Experiments with real-world datasets from agriculture (USDA reports on fruit production/market data) and finance (stock selection using historical price tables) demonstrate strong numerical results. Key findings include:

  • Accuracy Improvement: Across both environments, DeLLMa variants consistently outperform zero-shot, SC, and CoT baselines. In the agriculture decision set, DeLLMa achieves up to a 40% increase in accuracy over alternatives as the action space grows.
  • Utility Normalization: The utility of chosen actions, normalized against the offline ground-truth optimum, is significantly higher for DeLLMa variants.
  • Failure Modes of Baselines: Standard prompting baselines underperform random choice in large action spaces, often parroting contextual sentiment or failing to handle counterfactual scenarios. DeLLMa's explicit enumeration of uncertainty and systematic counterfactual reasoning overcomes these weaknesses.
  • Variance Reduction and Batching: The advanced DeLLMa-Pairs and DeLLMa-Top1 strategies, leveraging variance reduction, provide tangible gains over naive approaches; however, in high-volatility environments (stocks) overly aggressive pairwise ranking can introduce noise, sometimes making Top1 preferable.
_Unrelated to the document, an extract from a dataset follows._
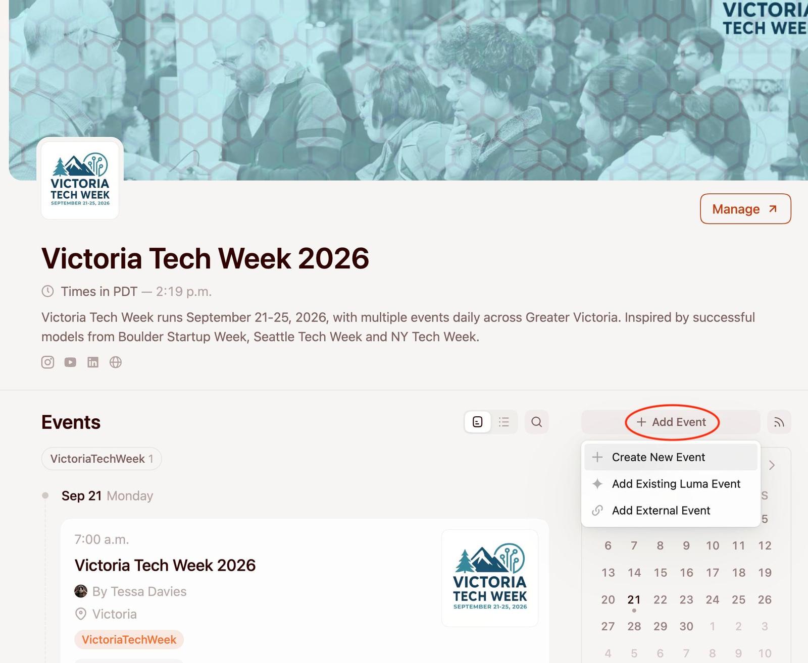 This year's public calendar is hosted on Luma: https://luma.com/victoriatechweek2026

Implementation Details and Practical Considerations

DeLLMa is implemented using current LLM APIs (e.g., GPT-4). Each phase is realized via explicit, modular prompts. The approach is highly auditable: intermediate outputs—state lists, probability assignments, and utility rankings—can be inspected individually. This enables human oversight and facilitates integration into decision support systems where regulatory and practical interpretability constraints are strict.
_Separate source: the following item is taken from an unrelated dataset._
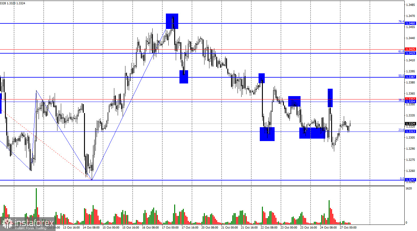 Pe graficul orar, perechea GBP/USD a înregistrat vineri o creștere bruscă spre nivelul de rezistență de 1.3354–1.3357, urmată de o scădere, o inversare în favoarea dolarului american și o scădere la fel de accentuată. Astăzi, o revenire de la nivelul Fibonacci de 23,6% la 1.3313 sugerează o posibilă nouă mișcare ascendentă spre nivelul de 1.3354–1.3357. O consolidare a perechii sub 1.3313 ar favoriza dolarul și ar semnala o continuare a scăderii spre următorul nivel corectiv de 0.0% – 1.3247.

Computational Considerations:

  • The framework scales linearly with action set size, number of latent factors, and batching overlap. API usage is likewise linear: large prompt lengths and multiple calls per decision instance are required, especially in utility elicitation.
  • In environments with extremely large state/action spaces, prompt engineering and retrieval-augmented generation should be considered to manage tractability and cost.

Limitations:

  • The independence assumption among latent factors simplifies inference but may fail in tightly coupled domains.
  • Utility elicitation relies on the LLM's ability to produce consistent and accurate rankings—still a challenge for quantitatively complex or highly ambiguous tasks.
  • Residual LLM hallucinations and overconfidence remain sources of error, especially in volatile, data-sparse environments.
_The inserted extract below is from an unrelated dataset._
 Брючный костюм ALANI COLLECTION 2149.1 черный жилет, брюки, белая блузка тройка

Implications and Future Directions

Practical Implications:

  • DeLLMa offers a template for deploying LLMs as decision support agents where uncertainty and user-defined utilities are central—relevant in domains such as medical treatment selection, supply chain optimization, policy evaluation, and high-stakes investment strategies.
  • The transparency and modularity of the workflow support rigorous audits, regulatory compliance, and trustworthy human-in-the-loop deployments.

Theoretical Implications:

  • The work provides concrete evidence that classical decision-theoretic formalisms scaffold LLM reasoning in settings where standard prompting methods collapse, suggesting a synergy between symbolic and neural paradigms for structured reasoning.
  • It motivates further inquiry into integrating statistical inference (e.g., posterior computation) and utility learning with generative LLMs.

Prospective Developments:

  • Extensions to continuous action spaces, richer state correlations, and more general utility representations (e.g., learned via reinforcement learning or explicit preference querying) are natural progressions.
  • Adoption in portfolios of actions (e.g., multi-asset financial decisions, combinatorial optimization in logistics) and dynamic, multi-step sequential decision processes is a compelling trajectory.
  • Systematic calibration of LLM uncertainty quantification and deeper integration with external data and analytical tools can further solidify decision quality and robustness.

In summary, DeLLMa charts a structured, interpretable path for leveraging LLMs in decision support under uncertainty, revealing marked advantages over unstructured prompting and establishing a foundation for further practical and theoretical advances in language-based decision automation.